▶ TASK GOAL
Reproduce exactly, and solely, the lines running from the top of the data below through the line with "Para que las", both inclusive. Omit pictures.

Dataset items

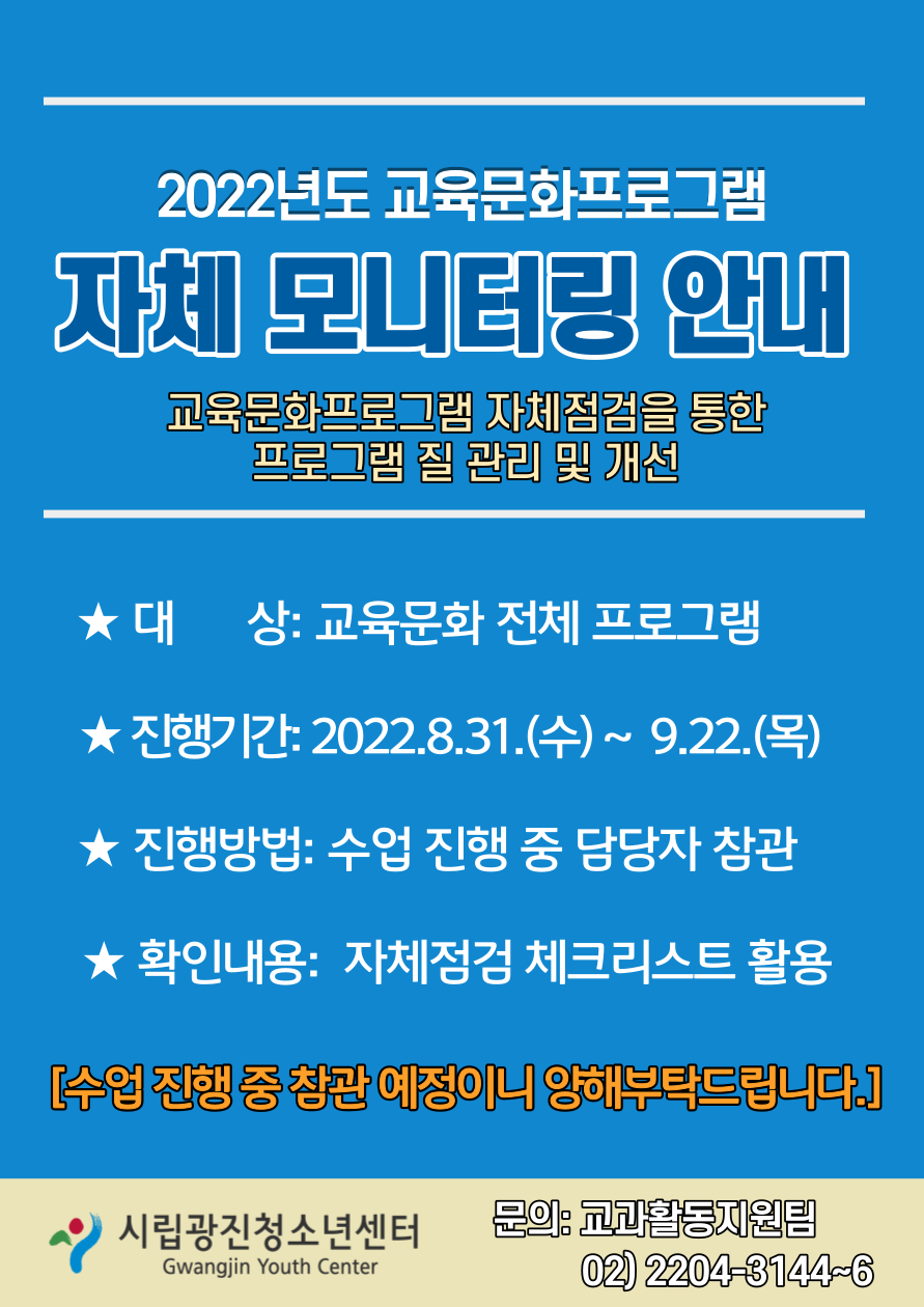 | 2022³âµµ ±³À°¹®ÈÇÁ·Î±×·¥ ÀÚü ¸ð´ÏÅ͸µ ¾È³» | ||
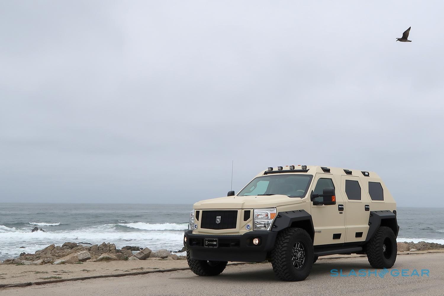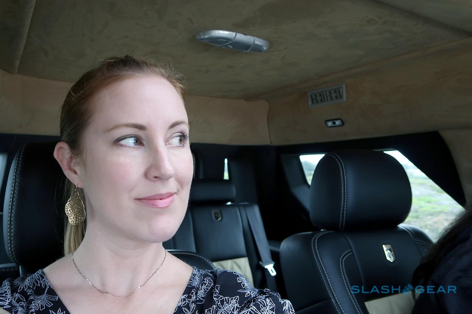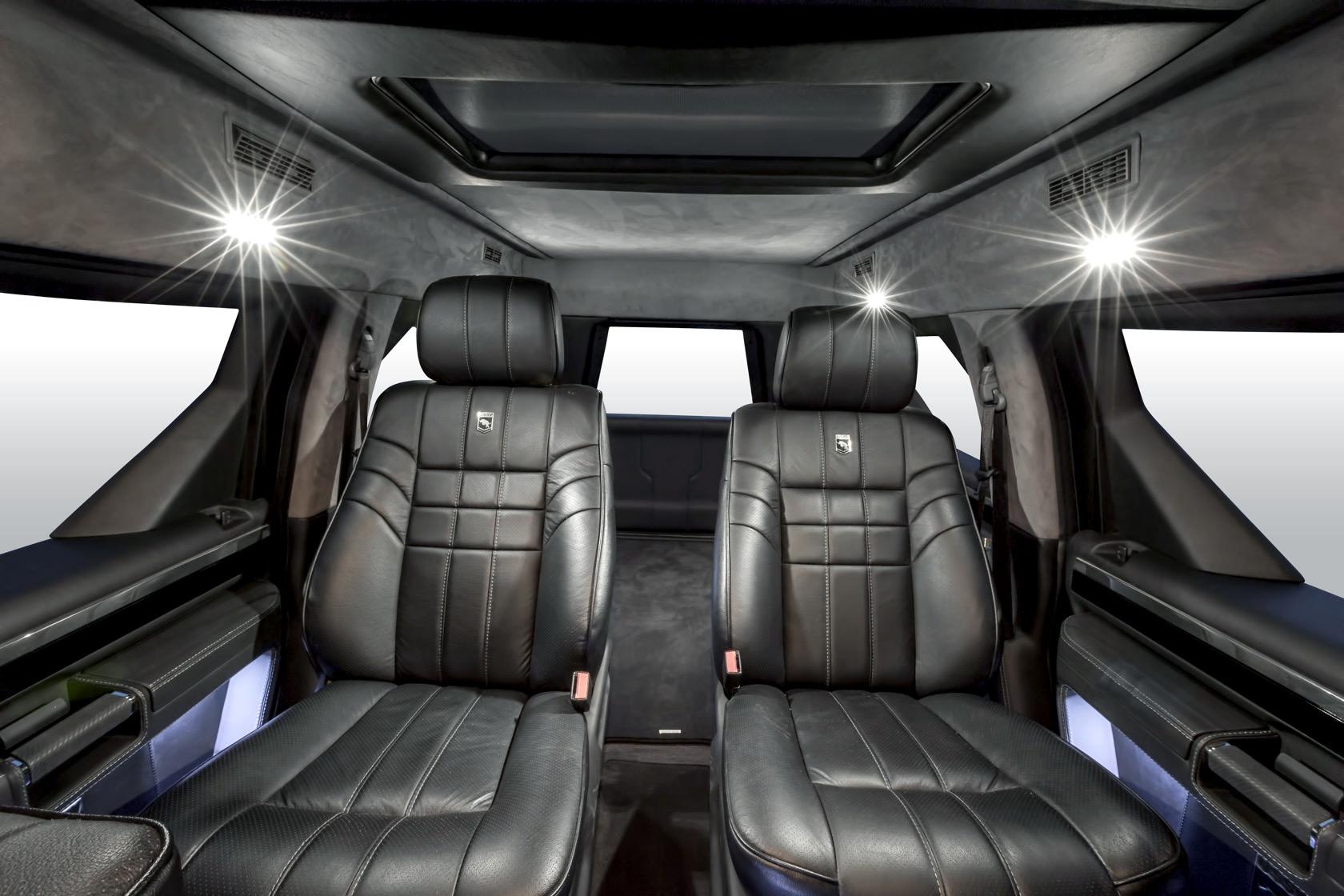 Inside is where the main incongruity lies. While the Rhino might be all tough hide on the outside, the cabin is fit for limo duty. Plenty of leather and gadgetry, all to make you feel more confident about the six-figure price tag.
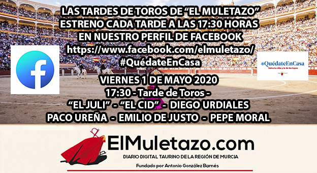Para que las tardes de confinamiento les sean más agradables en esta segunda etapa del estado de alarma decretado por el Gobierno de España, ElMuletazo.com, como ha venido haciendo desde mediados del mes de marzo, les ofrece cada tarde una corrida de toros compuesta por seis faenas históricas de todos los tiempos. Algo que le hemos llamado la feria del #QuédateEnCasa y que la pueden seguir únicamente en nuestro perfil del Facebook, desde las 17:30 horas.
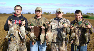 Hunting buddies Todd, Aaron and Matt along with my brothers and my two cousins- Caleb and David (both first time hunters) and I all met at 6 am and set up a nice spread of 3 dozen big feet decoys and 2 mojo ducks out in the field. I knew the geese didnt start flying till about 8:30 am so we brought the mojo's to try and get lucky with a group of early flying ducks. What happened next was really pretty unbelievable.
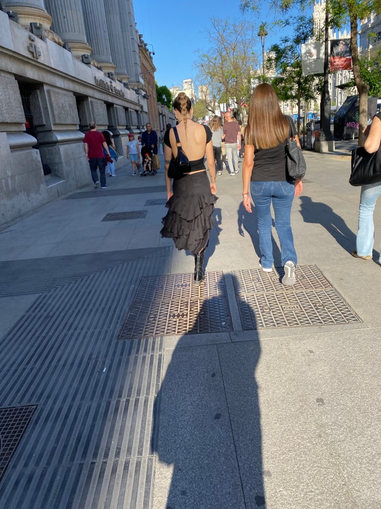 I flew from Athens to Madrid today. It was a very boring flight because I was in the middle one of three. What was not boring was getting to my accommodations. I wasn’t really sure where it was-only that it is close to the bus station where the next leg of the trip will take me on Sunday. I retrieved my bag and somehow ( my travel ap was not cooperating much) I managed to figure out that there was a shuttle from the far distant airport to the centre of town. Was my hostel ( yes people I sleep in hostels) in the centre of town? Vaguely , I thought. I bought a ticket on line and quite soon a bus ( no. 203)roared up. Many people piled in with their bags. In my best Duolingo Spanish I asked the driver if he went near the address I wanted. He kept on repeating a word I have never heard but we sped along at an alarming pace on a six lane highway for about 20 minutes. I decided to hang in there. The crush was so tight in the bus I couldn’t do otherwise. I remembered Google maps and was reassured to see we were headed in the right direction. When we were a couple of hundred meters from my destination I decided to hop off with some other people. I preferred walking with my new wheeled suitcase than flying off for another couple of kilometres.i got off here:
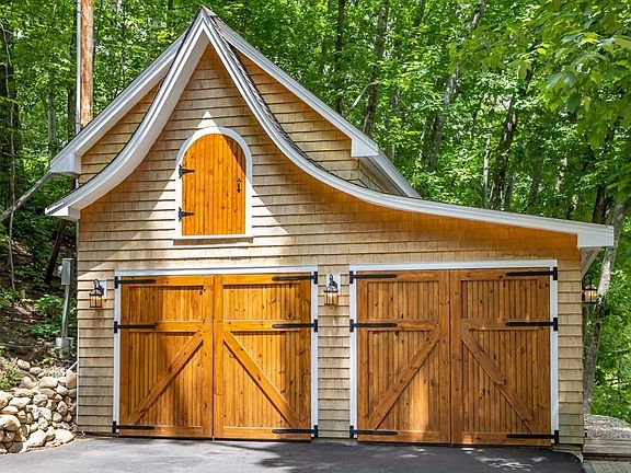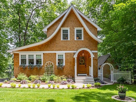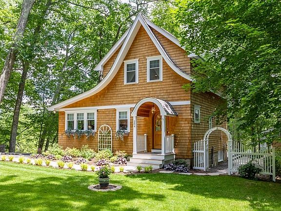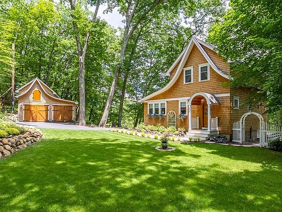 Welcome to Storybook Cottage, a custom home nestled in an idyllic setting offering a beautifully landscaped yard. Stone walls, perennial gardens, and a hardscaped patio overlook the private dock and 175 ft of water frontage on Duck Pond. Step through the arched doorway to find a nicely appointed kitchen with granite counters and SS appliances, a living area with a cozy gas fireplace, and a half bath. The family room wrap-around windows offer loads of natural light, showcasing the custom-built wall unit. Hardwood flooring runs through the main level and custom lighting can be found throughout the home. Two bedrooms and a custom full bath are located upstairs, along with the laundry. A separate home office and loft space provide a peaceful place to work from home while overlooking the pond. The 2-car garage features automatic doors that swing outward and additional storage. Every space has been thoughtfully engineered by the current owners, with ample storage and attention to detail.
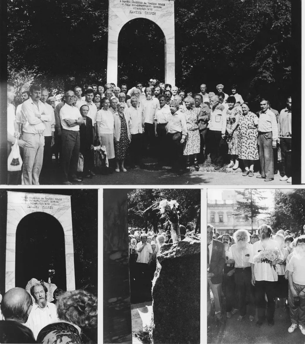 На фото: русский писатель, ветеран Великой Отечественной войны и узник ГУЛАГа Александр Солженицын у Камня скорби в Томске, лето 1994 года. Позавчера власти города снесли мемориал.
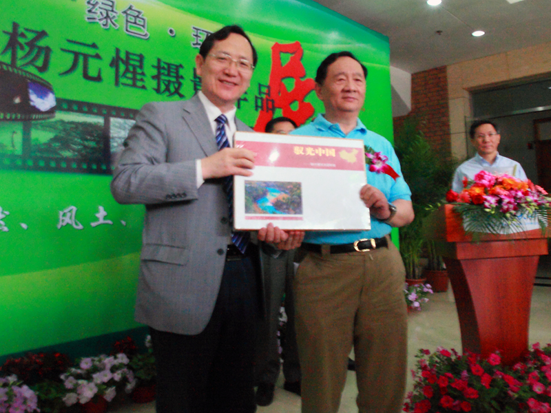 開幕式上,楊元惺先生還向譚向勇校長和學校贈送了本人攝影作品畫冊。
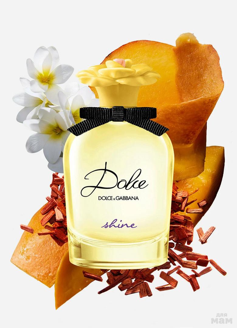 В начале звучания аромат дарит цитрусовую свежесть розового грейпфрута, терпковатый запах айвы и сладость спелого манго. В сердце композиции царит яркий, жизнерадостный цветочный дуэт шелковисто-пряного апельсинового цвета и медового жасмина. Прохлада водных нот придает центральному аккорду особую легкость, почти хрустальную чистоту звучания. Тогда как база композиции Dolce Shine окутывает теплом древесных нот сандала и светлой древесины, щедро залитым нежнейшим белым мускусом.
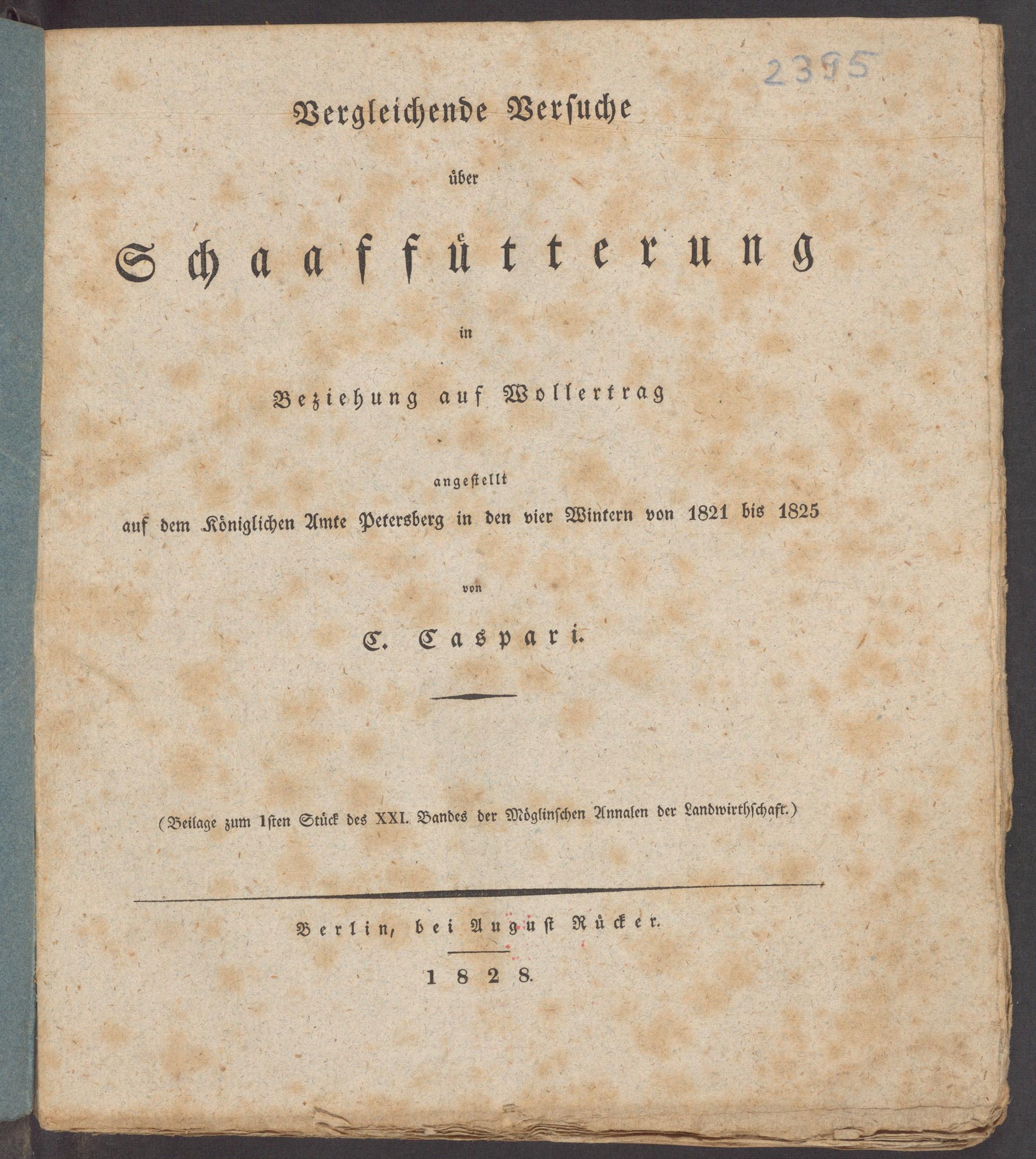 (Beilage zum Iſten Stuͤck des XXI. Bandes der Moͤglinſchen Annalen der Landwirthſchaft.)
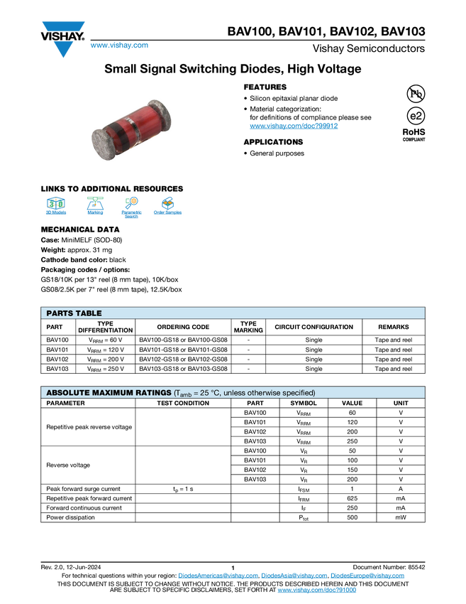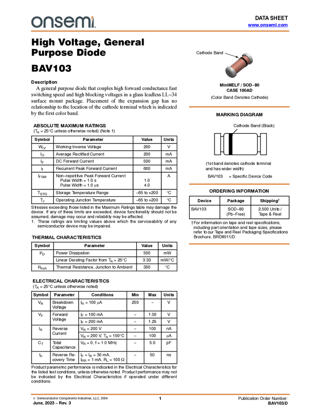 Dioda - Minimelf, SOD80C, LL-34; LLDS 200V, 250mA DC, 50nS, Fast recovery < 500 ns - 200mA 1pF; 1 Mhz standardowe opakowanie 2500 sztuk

▶ RESULT OF THE TASK
 | 2022³âµµ ±³À°¹®ÈÇÁ·Î±×·¥ ÀÚü ¸ð´ÏÅ͸µ ¾È³» | ||
 Inside is where the main incongruity lies. While the Rhino might be all tough hide on the outside, the cabin is fit for limo duty. Plenty of leather and gadgetry, all to make you feel more confident about the six-figure price tag.
Para que las tardes de confinamiento les sean más agradables en esta segunda etapa del estado de alarma decretado por el Gobierno de España, ElMuletazo.com, como ha venido haciendo desde mediados del mes de marzo, les ofrece cada tarde una corrida de toros compuesta por seis faenas históricas de todos los tiempos. Algo que le hemos llamado la feria del #QuédateEnCasa y que la pueden seguir únicamente en nuestro perfil del Facebook, desde las 17:30 horas.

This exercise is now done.